# prodac fondo vivo



## DarkCobra (Jun 22, 2004)

LOL, I had problems finding any info on this in English!

It appears to be a fracted clay substrate, similar to Flourite - but with some added nutrients, similar to Eco Complete.

If it's what you've got, and the price is right, use it. There's no reason it shouldn't perform well. All fracted clays do.


----------



## cxz (Dec 6, 2005)

its just slightly more expensive (~5 dollars) than regular gravel, so it can't hurt  

I'll give it a try..


----------



## eds (Feb 12, 2003)

Id find it hard to resist using this stuff, just so I could say its name!


----------



## yoink (Apr 21, 2005)

eds said:


> Id find it hard to resist using this stuff, just so I could say its name!


When I saw the title I thought "Oh, that sounds fancy.
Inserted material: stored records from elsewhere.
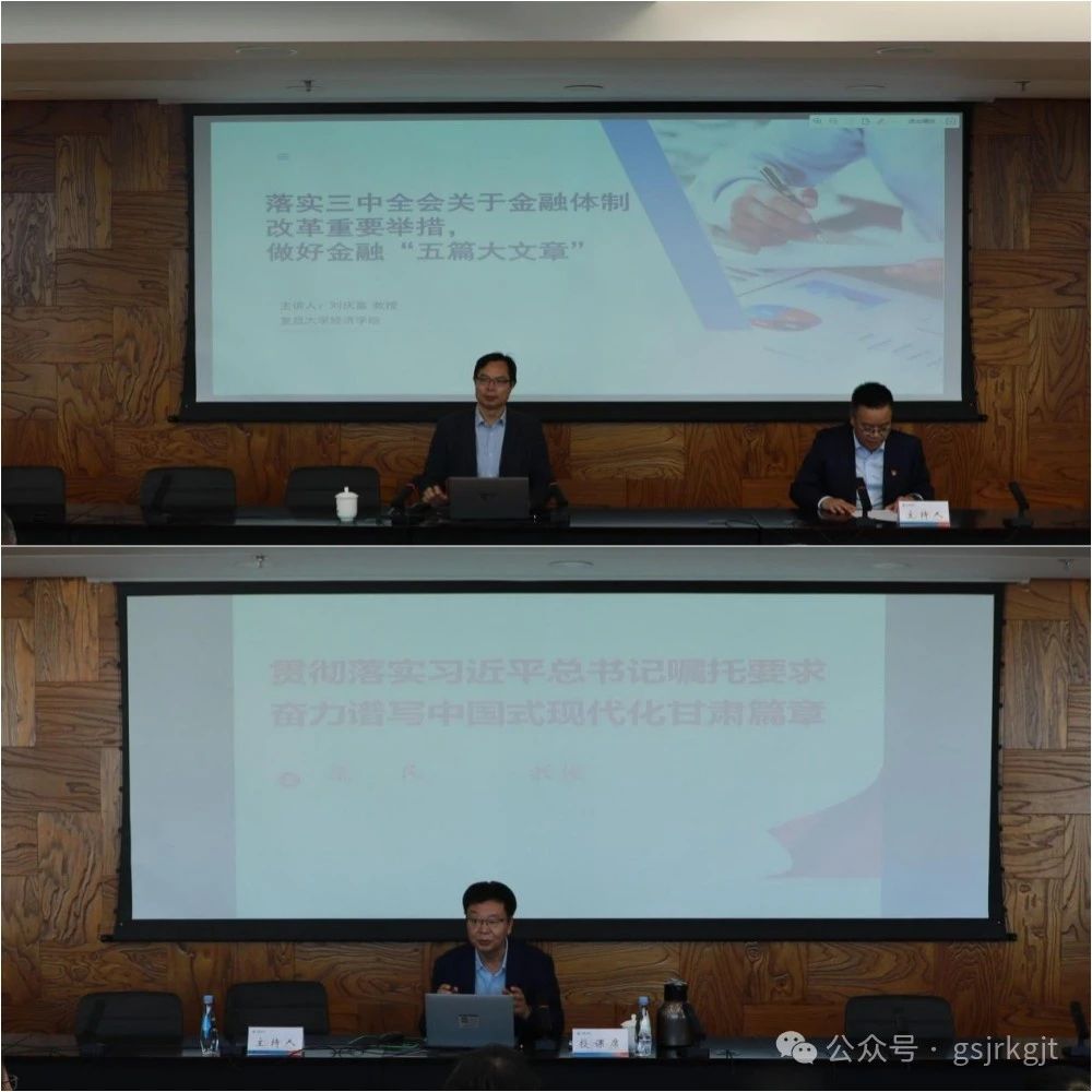 此次培訓(xùn)通過線上線下相結(jié)合的方式進(jìn)行。培訓(xùn)期間,全體學(xué)員在線學(xué)習(xí)了黨的二十屆三中全會精神解讀、構(gòu)建高水平社會主義市場經(jīng)濟(jì)體制、健全推動經(jīng)濟(jì)高質(zhì)量發(fā)展體制機(jī)制、提高黨對進(jìn)一步全面深化改革、推進(jìn)中國式現(xiàn)代化的領(lǐng)導(dǎo)水平等內(nèi)容,邀請復(fù)旦大學(xué)經(jīng)濟(jì)學(xué)院劉慶富教授從“黨的二十屆三中全會關(guān)于金融體制改革的重要舉措解讀、做好金融五篇大文章、異常交易的監(jiān)管”三個大方面,對中國金融體制改革的歷程、成效與經(jīng)驗,進(jìn)一步深化金融體制改革的方向與重點,“金融五篇大文章”的背景、內(nèi)涵與產(chǎn)業(yè)與落地,金融大數(shù)據(jù)風(fēng)險管理等內(nèi)容作了全面深入的輔導(dǎo)。邀請甘肅省委黨校康民教授通過“講好黃河‘故事’做足黃河文章,構(gòu)建現(xiàn)代產(chǎn)業(yè)體系、發(fā)展新質(zhì)生產(chǎn)力,貫徹三中全會精神、進(jìn)一步全面深化改革,加強(qiáng)文化遺產(chǎn)保護(hù)傳承、推動文化創(chuàng)新發(fā)展,加強(qiáng)社會建設(shè)和治理、提升基層治理效能,毫不放松堅持黨的領(lǐng)導(dǎo)、加強(qiáng)黨的建設(shè)”六個方面,對學(xué)習(xí)貫徹習(xí)近平總書記視察甘肅重要講話重要指示精神,作了脈絡(luò)清晰、深入細(xì)致的專題解讀。
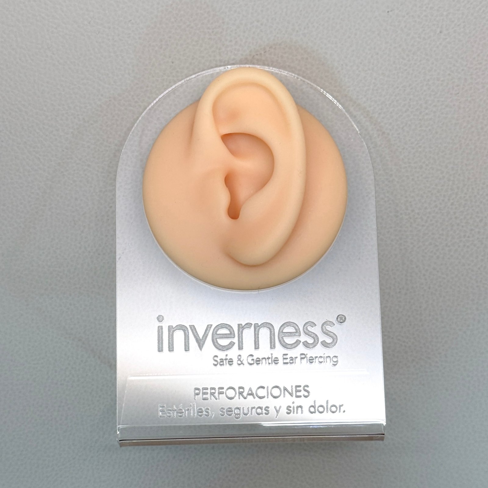 Exhibidor de oreja de goma con base en acrílico transparente.
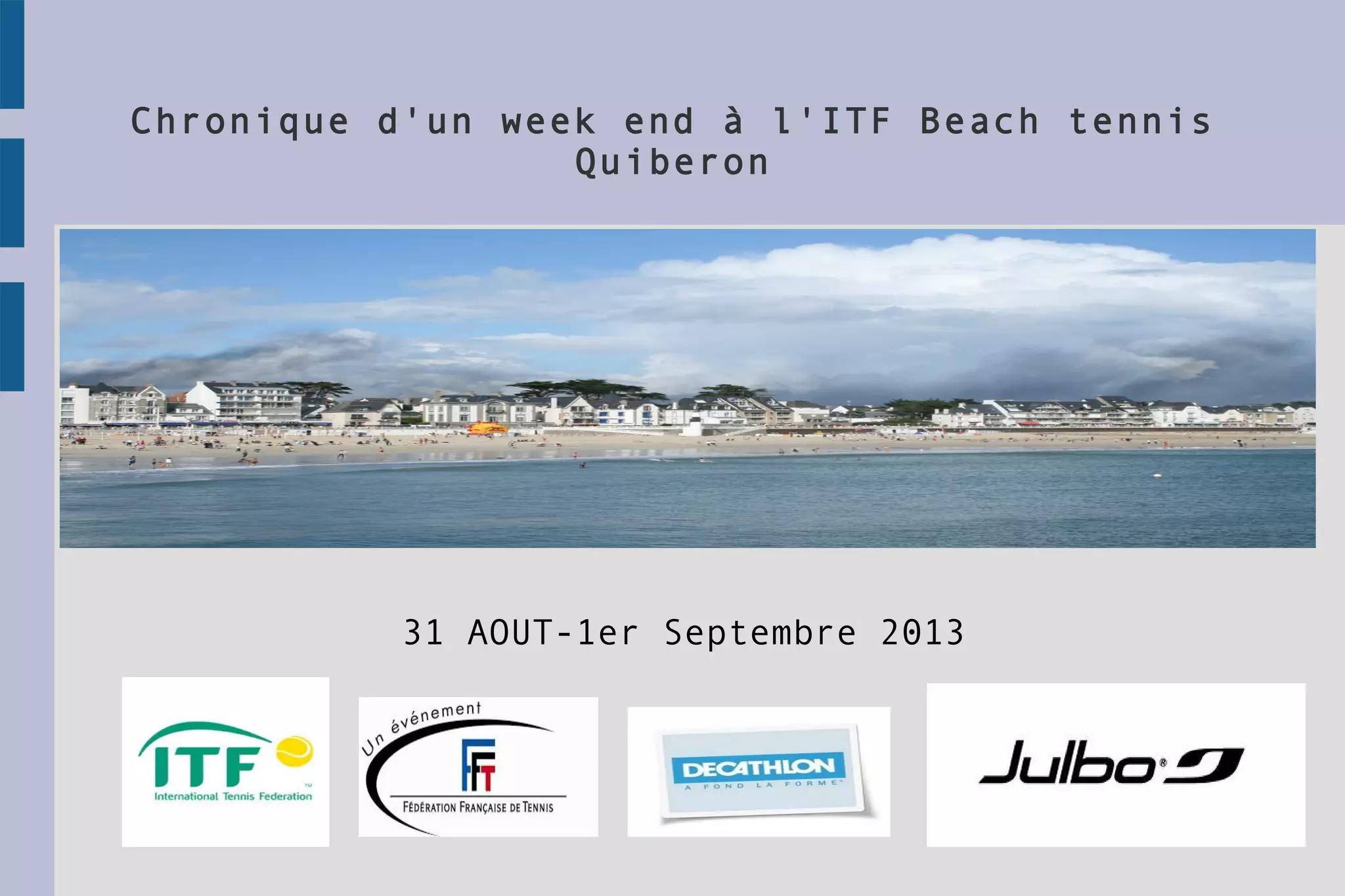 Le document décrit un week-end à l'ITF Beach Tennis de Quiberon, incluant des informations sur l'accès à la ville, les options d'hébergement et le programme du tournoi. Quiberon, située dans le Morbihan en Bretagne, est facilement accessible par route, train ou avion. L'événement, avec un prize money de 2000 euros, se déroule du 31 août au 1er septembre 2013, avec des activités de loisirs organisées pour les participants.

Let's check it out"


----------



## lumpyfunk (Dec 22, 2004)

So is there a *Prodac Fondo Vivo *Pimp club in the works??:icon_mrgr :icon_mrgr


----------



## eds (Feb 12, 2003)

Try and say prodac fondo vivo 5 times fast.
It can't be done!


----------



## DarkCobra (Jun 22, 2004)

Got to the 4th time and said "Product Fondo Vivo". Darnit!


----------



## VITARTE (Jan 28, 2005)

eds said:


> Try and say prodac fondo vivo 5 times fast.
> It can't be done!


Unless you speak spanish, then it's really easy  
Rafo


----------



## cxz (Dec 6, 2005)

prodac is italian as far as i know..

and i picked it up today.. 1,5 kgs, ~ 3 pounds.. dumped it all in my 5 gallon nano with some fine black gravel on top..
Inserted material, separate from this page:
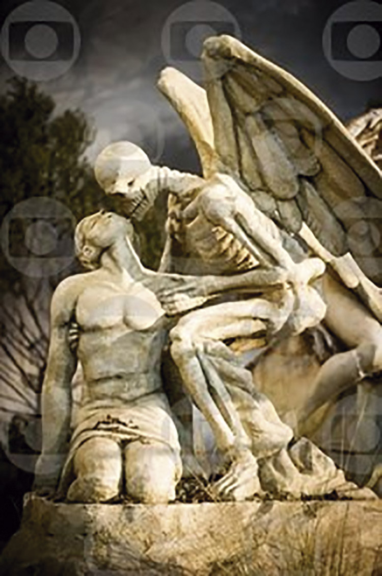 No cenário do cemitério, ao lado das esculturas de anjos sofridos, de crianças, temos também esculturas de caveiras. Declercq cita Bortulucce (2016, p.01) para explicar que essas esculturas são um clássico do século XIX: “é o momento morri (‘ lembre-se de que você vai morrer’), nós que aqui estamos por vós esperamos”. Na figura 14, o esqueleto está com asas simbolizando que é um anjo, mas pelo gestual que parece sugar a energia da escultura de um homem de joelhos, percebemos que se trata de um anjo da morte.
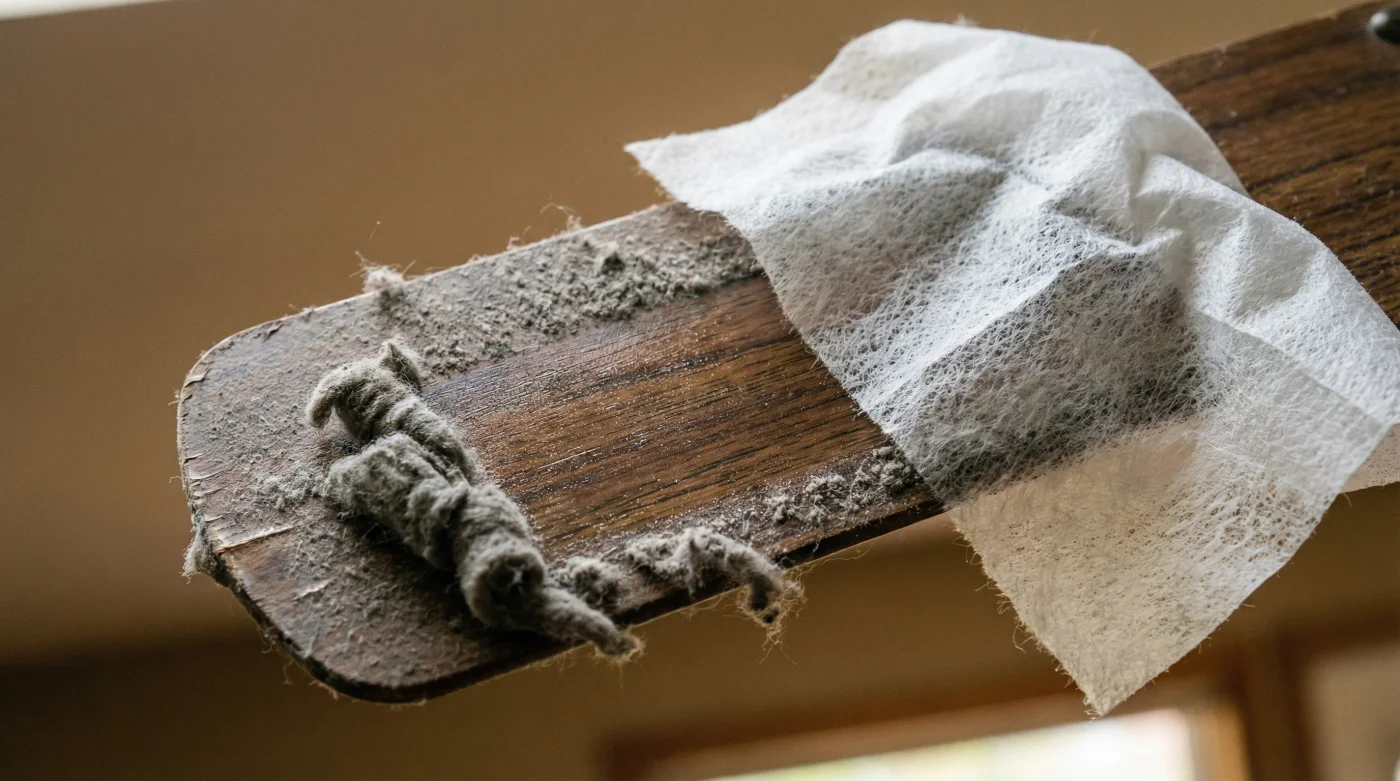 This is not just internet folklore. Consider Sarah Jenkins, a 42-year-old estate manager who maintains a historic twelve-bedroom property in humid Savannah, Georgia. With dozens of antique wooden fans running constantly to battle the southern heat, she used to dedicate a full Tuesday every month just to ladder work. After a textile conservator mentioned the residual properties of non-woven polyester matrices, Sarah swapped her wet microfiber rags for the exhausted dryer sheets she pulled from the estate’s massive laundry loads. The friction-based dust stopped sticking, reducing a grueling monthly chore to a brief seasonal touch-up.

i can put up pics if anyone wants to see..


----------



## plantbrain (Dec 15, 2003)

Well, it's better than plain sand etc, some new ones are coming out and the4 cost of shipping ADA or SeaChem all over the world will make the local makers more competitively priced.
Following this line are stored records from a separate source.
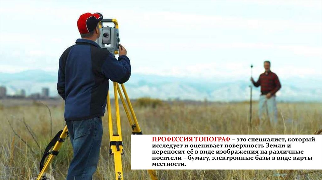 ПРОФЕССИЯ ТОПОГРАФ – это специалист, которыйисследует и оценивает поверхность Земли и
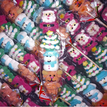 Les Christmas Mallow sont de délicieuses brochettes de marshmallows moelleux au goût fraise, enrobés d’une fine poudre acidulée. Chaque brochette représente les symboles de Noël : Père Noël, sapin, bonhomme de neige et renne !
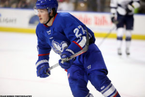 Trois Rivières Lions‘ rookie center Brendan Locke(27) is off to a hot start with 3 goals and 6 assists in 16 ECHL games with a +5 rating, as the team heads into its 1st playoff berth.
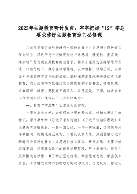 2023年主题教育研讨发言:牢牢把握“12”字总要求修好主题教育这门必修课.docx
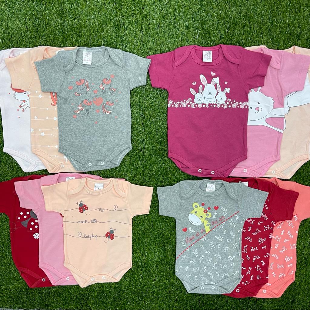kit 5 peças body colorido manga curta 100% algodão feminino roupa de bebê menina estampas e cores sortidas
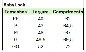 Tabela de Medidas:

We have soil master here which is very cheap and similar to eco complete but 10X less the cost.

Give the product a try, sounds decent.
Did you ask on the Italian boards?

Regards, 
Tom Barr


----------



## cxz (Dec 6, 2005)

nah.. I didnt get as far as finding a italian board and asking there... maybe I should have thought


----------



## banderbe (Oct 10, 2005)

cxz said:


> I just wondered into a petstore today, and found this substrade called prodac fondo vivo..
> 
> have any of you guys any idea on how good it is?
> 
> ...


Babelfish translates "prodac fondo vivo" from Italian to English giving "prodac deep alive"

From Spanish to English it gives "prodac alive bottom"

Prodac is probably a word that isn't in the Babelfish dictionary.


----------



## banderbe (Oct 10, 2005)

plantbrain said:


> Well, it's better than plain sand etc, some new ones are coming out and the4 cost of shipping ADA or SeaChem all over the world will make the local makers more competitively priced.
> 
> We have soil master here which is very cheap and similar to eco complete but 10X less the cost.
> 
> ...


How is soilmaster similar to Eco Complete? They certainly don't look similar. I want to try soil master but I keep reading people saying it's light weight and I don't want to find out that my substrate has trouble keeping my plants in place or flies around the water column whenever I get in there and create a current.


----------



## wearsbunnyslippers (Dec 6, 2007)

has anyone tried this?

they have it at my lfs and it is a lot cheaper than getting flourite...

i found this tank that uses it, and it looks pretty good...

http://www.ratemyfishtank.com/enlarge.php/2305


----------